Na World Veterinária, você encontra soluções eficazes para cada perfil de pet, como:

Consulte sempre um profissional para escolher o método mais adequado ao seu pet. E lembre-se: a prevenção contínua é a chave para manter o ciclo de vida dos carrapatos longe da sua casa.

Perguntas frequentes sobre ciclo de vida dos carrapatos

Apesar de toda a prevenção, sempre restam dúvidas sobre o ciclo de vida do carrapato, afinal, estamos lidando com um parasita resistente e altamente adaptável. Respondemos às perguntas mais frequentes para te ajudar a proteger melhor seu pet e sua família.

Carrapato de cão pode passar para o ser humano?

Sim, pode, mas com algumas considerações importantes. O Rhipicephalus sanguineus, conhecido como carrapato-vermelho-do-cão, tem preferência por cães como hospedeiro, mas pode picar humanos em situações de infestação intensa ou falta de opção de hospedeiro.

Além disso, outras espécies, como o carrapato-estrela (Amblyomma sculptum), são ainda mais perigosas, pois não são específicas de uma única espécie animal. Eles parasitam cavalos, capivaras, cães e humanos, e transmitem doenças graves como a febre maculosa

Portanto, controlar a infestação no ambiente e nos animais é uma forma direta de reduzir o risco também para as pessoas da casa.

Quais doenças os carrapatos transmitem?

Os carrapatos são vetores de diversas doenças graves, tanto para cães quanto para humanos. Essas doenças são causadas por agentes infecciosos (como bactérias e protozoários) que o carrapato carrega e transmite ao picar o hospedeiro. As principais doenças transmitidas aos cães são:

  • Erliquiose;
  • Babesiose;
  • Anaplasmose;
  • Doença de Lyme.

Entre as doenças que também afetam humanos, destacam-se:

  • Febre maculosa (transmitida pelo carrapato-estrela);
  • Borreliose de Lyme;
  • Tularemia;
  • Babesiose humana.

Muitas dessas enfermidades podem evoluir rapidamente e causar complicações sérias, como anemia profunda, falência de órgãos e até a morte. O diagnóstico e o tratamento precoce são fundamentais.

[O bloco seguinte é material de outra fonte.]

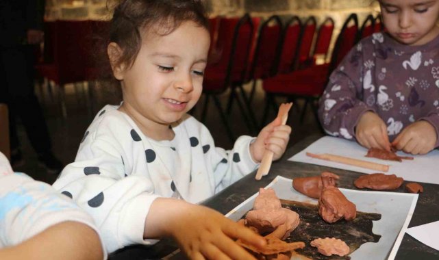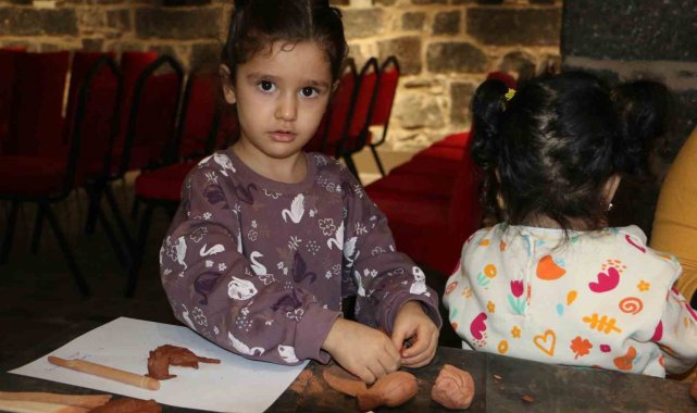 Diyarbakır'daki İçkale Müzesi'nde bulunan çocuk atölyesinde çocuklar kilden kendi eserlerini oluşturup sergileme fırsatı buluyor.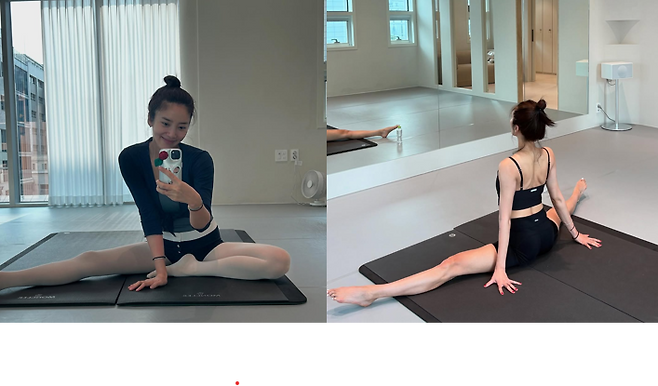 사진 속 그는 매트 위에서 180도 다리를 찢으며, 발레로 다져진 유연함과 탄탄한 바디라인을 과시했다.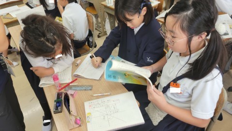 一人で教科書を見て、もくもくと考えたり、友達と話し合いながら考えたりと、意欲的に取り組むことができました。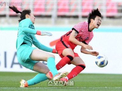 한국의 손화연(오른쪽)이 8일 고양종합운동장에서 열린 2020 도쿄올림픽 여자축구 아시아 최종 예선 플레이오프 1차전에서 중국 골키퍼 펭 시멩과 충돌하며 넘어지고 있다. 2021. 4. 8. 고양 | 박진업기자 upandup@sportsseoul.com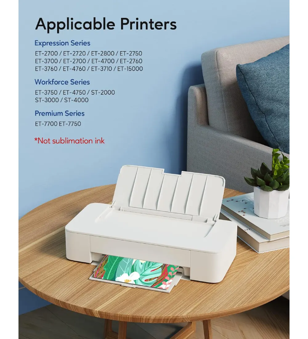 - Matching Printers: For Epson ET-2850 ET-3830 ET-3850 ET-2760 ET-3760 ET-15000 ET-4760 ET-4850 ET-2700 ET-2750 ET-3710 ET-3750 ET-4750 ET-3700 ST-2000 ST-3000 ST-4000 Printer, use the Ceeboo Compatible Refill Ink Bottle Replacement.

Meu cão foi picado por um carrapato. Ele vai ficar doente?

Nem sempre. Para que uma doença seja transmitida, o carrapato precisa estar infectado com o agente causador, como a bactéria Ehrlichia canis, no caso da erliquiose. Além disso, o parasita precisa ficar fixado no animal por um tempo mínimo para que ocorra a transmissão, geralmente de 4 a 6 horas, dependendo da doença.

Mesmo assim, todo cão picado deve ser monitorado, especialmente nos 15 a 30 dias seguintes à exposição. Sinais como febre, falta de apetite, apatia, vômito, sangramentos e manchas pelo corpo podem indicar uma infecção. Ao menor sinal, procure um médico-veterinário para avaliação e exames.